EXERCISE GOAL: Wherever pictures appear in the listing below, leave them out, and copy exactly, and only, everything from the line with "i7 Eight-core Game" down to the line with "Transform your workspace".

═══ INFORMATION GIVEN ═══

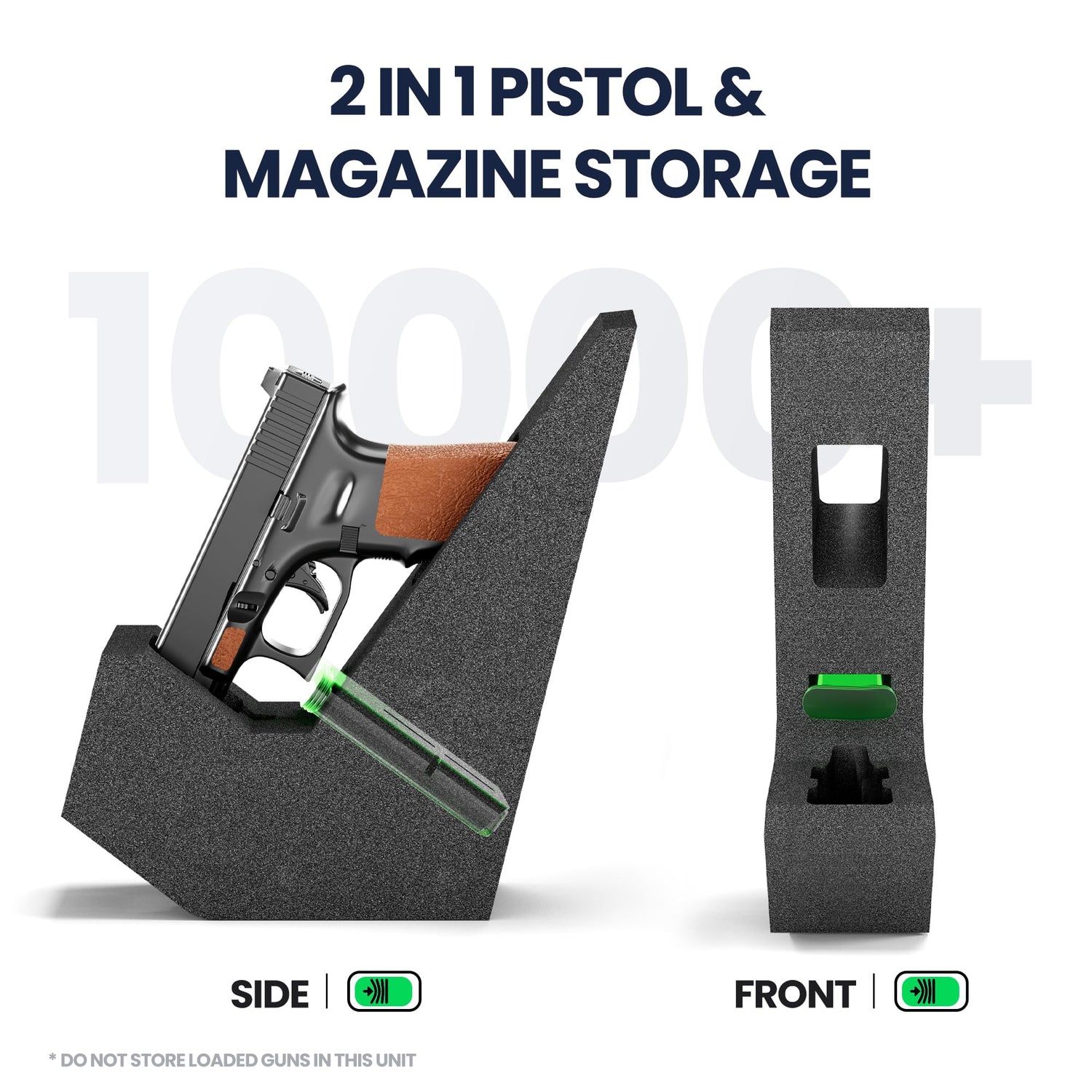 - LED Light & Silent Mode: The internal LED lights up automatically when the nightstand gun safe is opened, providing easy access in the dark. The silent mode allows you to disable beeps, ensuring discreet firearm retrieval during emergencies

═══
═══ INFORMATION GIVEN ═══

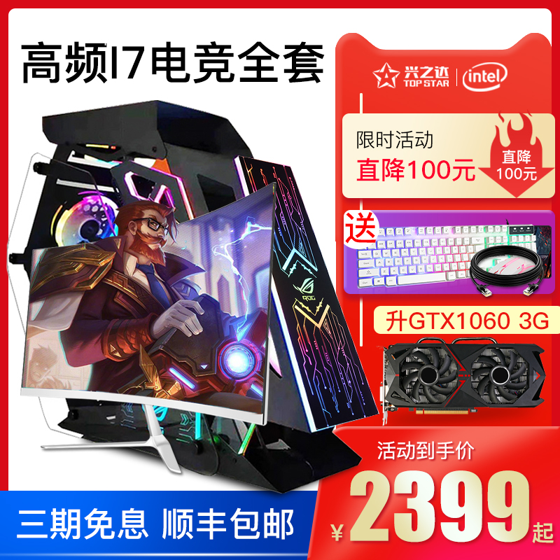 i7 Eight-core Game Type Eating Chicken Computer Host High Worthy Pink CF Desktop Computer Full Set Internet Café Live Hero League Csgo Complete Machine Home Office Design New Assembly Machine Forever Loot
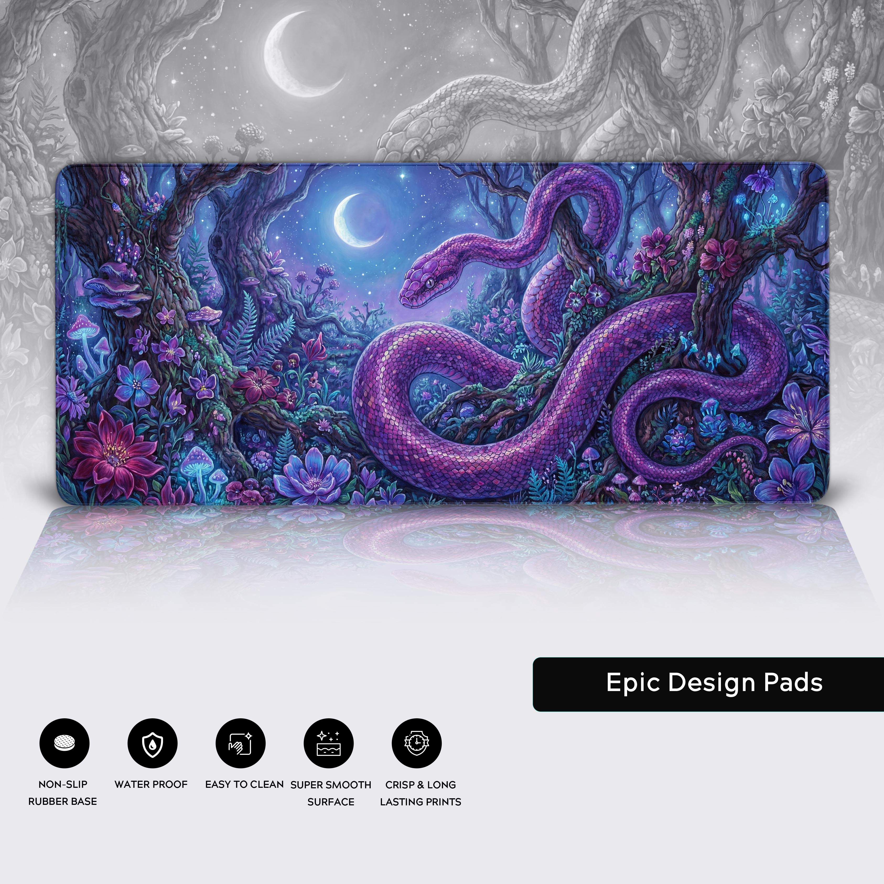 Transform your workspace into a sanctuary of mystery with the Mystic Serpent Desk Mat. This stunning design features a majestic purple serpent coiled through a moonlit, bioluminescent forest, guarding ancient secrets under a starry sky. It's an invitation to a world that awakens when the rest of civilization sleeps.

═══

SOLUTION TO THE EXERCISE:
 i7 Eight-core Game Type Eating Chicken Computer Host High Worthy Pink CF Desktop Computer Full Set Internet Café Live Hero League Csgo Complete Machine Home Office Design New Assembly Machine Forever Loot
 Transform your workspace into a sanctuary of mystery with the Mystic Serpent Desk Mat. This stunning design features a majestic purple serpent coiled through a moonlit, bioluminescent forest, guarding ancient secrets under a starry sky. It's an invitation to a world that awakens when the rest of civilization sleeps.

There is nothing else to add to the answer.